1895 Danish book by Eugen Warming

Plantesamfund - Grundtræk af den økologiske Plantegeografi, published in Danish in 1895 by Eugen Warming, and in English in 1909 as Oecology of Plants: An Introduction to the Study of Plant Communities, by Warming and Martin Vahl, was the first book to be published having the word ecology in its title. The book has had a lasting impact on the field of ecology, particularly in its German translation soon after its initial publication, and in its expanded and revised English translation.

The book was based on Warming's lectures on plant geography at the University of Copenhagen. It gives an introduction to all major biomes of the world. Its aim was to explain how nature solved similar problems (drought, flooding, cold, salt, herbivory) in similar way, despite using very different raw material (species of different descent) in different regions of the world.

- Warming, E. (1895) Plantesamfund - Grundtræk af den økologiske Plantegeografi. P.G. Philipsens Forlag, Kjøbenhavn. 335 pp.

==Translated editions==
The book was translated to German in 1896 as
- Lehrbuch der ökologischen Pflanzengeographie - Eine Einführung in die Kenntnis der Pflanzenverenie by Emil Knoblauch. Berlin, Gebrüder Borntraeger, 1896. 412 pp.
This edition, which was approved by Warming, rapidly ran out of print. A second, unauthorized, edition was issued in 1902 by Paul Graebner, who put his own name after Warming's on the book's frontispiece, despite no changes to the contents. This edition was expanded in third and fourth editions:
- Warming, E. & Graebner, P. (1918) Eug. Warming's Lehrbuch der ökologischen Pflanzengeographie, 3 ed. Berlin, Gebrüder Borntrager. Fourth edn (1933) - 1158 pp.

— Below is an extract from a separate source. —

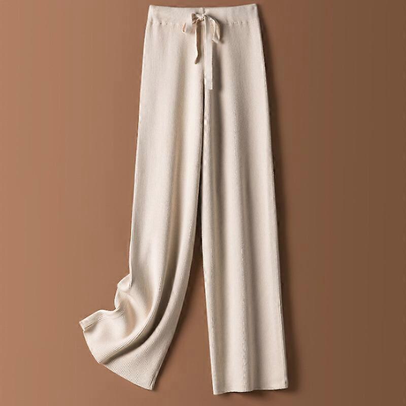 Women Knitted Wide Leg Pants Warm Faux Cashmere High Waist Trousers Drape

A Polish translation of ’Plantesamfund’ (from Knoblauch's German translation) appeared in 1900:
- Warming, E. (1900) Zbiorowiska Roślinne zarys ekologicznej geografii roślin by Edward Strumpf and Jósef Trzebiński. Warszawa, 1900. 451 pp.
Two independent Russian (Moscow and St. Petersburg) editions appeared in 1901 and 1903
- Вармингъ, Е. (1901) Ойкологическая географія растеній – Введеніе въ изученіе растительныхъ сообществъ by M. Golenkin and W. Arnol'di. Moskva, 542 pp. Full text link

- Вармингъ, Е. (1903) Распредъленіе растений въ зависимости отъ внъшнихъ условій - Экологическая географія растеній by A. G. Henkel' and with a treatise of the vegetation of Russia by G. I. Tanfil'ev. St. Petersburg, 474 pp.
An extended and translated edition in English first appeared in 1909:
- Warming, E. with M. Vahl (1909) Oecology of Plants - an introduction to the study of plant-communities by P. Groom and I. B. Balfour. Clarendon Press, Oxford. 422 pp. (2nd edn 1925). Reprinted a number of times, most recently by Biotech Books, Delhi ISBN 81-7622-010-8
It is unknown why an English translation only appeared fourteen years after the Danish original. In Warming's private correspondence, he mentions to have received a letter from "a professor from Belleville, Illinois, who wishes to translate Plantesamfund" (May 1898, letter to his son Jens).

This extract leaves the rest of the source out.